I wonder how regression test can be created for such a situation?

[Testing]
Proposed patch with a bunch of ~25 other patches was tested a lot:
*(1) Bootstrapped and regtested on x86_64
*(2) Cross-compiler regtest on aarch64, arm, powerpc, powerpc64, ia64 and s390
*(3) Also done (1) and (2) with -fmodulo-sched enabled by default
*(4) Also done (1) and (2) with -fmodulo-sched and
-fmodulo-sched-allow-regmoves enabled by default
*(5) Moreover, all (1-4) was also done with 4.9, 5, 6, 7, and 8 branches, on
active branches an trunk date was 20190327.

More than 250 compiler instances built and tested in total (counting
both "unpatched" vs "patched").
No new failures which can relate to this algorithm were found.
"Special version" was also tested in practically same scenarios (and one more
week before, like 20190320), but not exactly all of them.

But still have to retest it separately without all my stuff :)

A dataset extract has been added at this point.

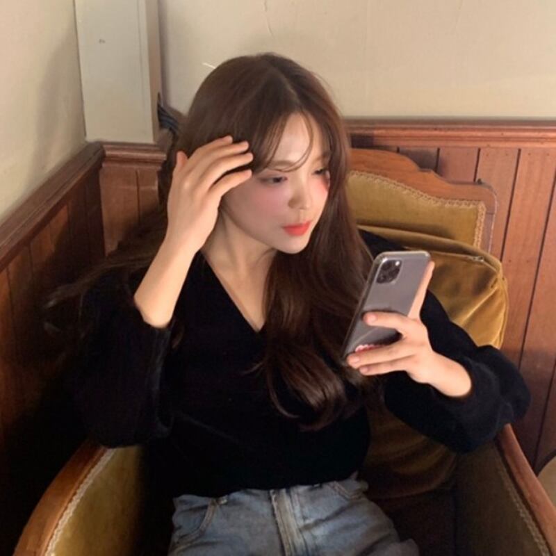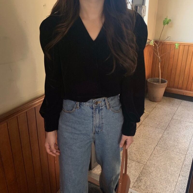 パフスリーブが魅力のシンプルなVネックのベルベットシャツです。

[PS] Last month I spent a lot of time updating my patches described here
https://gcc.gnu.org/ml/gcc-patches/2017-02/msg01647.html and have locally added
several other patches, including this fix. My updated branches are not
published yet, because there are still some unsolved issues, I can't fix some
bugzilla PRs also. I'll try to add comments in another modulo-sched-related PRs
soon.

[Bug rtl-optimization/90001] Compile-time hog in swing modulo scheduler

2019-04-08 Thread zhroma at ispras dot ru
https://gcc.gnu.org/bugzilla/show_bug.cgi?id=90001

Roman Zhuykov  changed:

   What|Removed |Added

 CC||zhroma at ispras dot ru

--- Comment #3 from Roman Zhuykov  ---
Created attachment 46099
  --> https://gcc.gnu.org/bugzilla/attachment.cgi?id=46099=edit
Proposed patch

Untested on trunk yet

[Bug rtl-optimization/90001] Compile-time hog in swing modulo scheduler

2019-04-08 Thread rguenth at gcc dot gnu.org
https://gcc.gnu.org/bugzilla/show_bug.cgi?id=90001

Richard Biener  changed:

   What|Removed |Added

 Target|powerpc-*-linux-gnu |powerpc-*-linux-gnu
   ||powerpc64le-*-*
 Status|UNCONFIRMED |NEW
   Last reconfirmed||2019-04-08
  Component|target  |rtl-optimization
 Ever confirmed|0   |1

--- Comment #2 from Richard Biener  ---
Confirmed also on ppc64le (thus likely on any doloop capable target which SMS
needs).  Note that SMS is unmaintained.

The issue is that set_recurrence_length is called with a graph with
18662 back-arcs and the longest_simple_path does work on the order
of the graph size because it uses sbitmaps.  Using bitmaps doesn't
help here though.  I guess the underlying algorithm for
set_recurrence_length simply isn't scalable and needs to be replaced.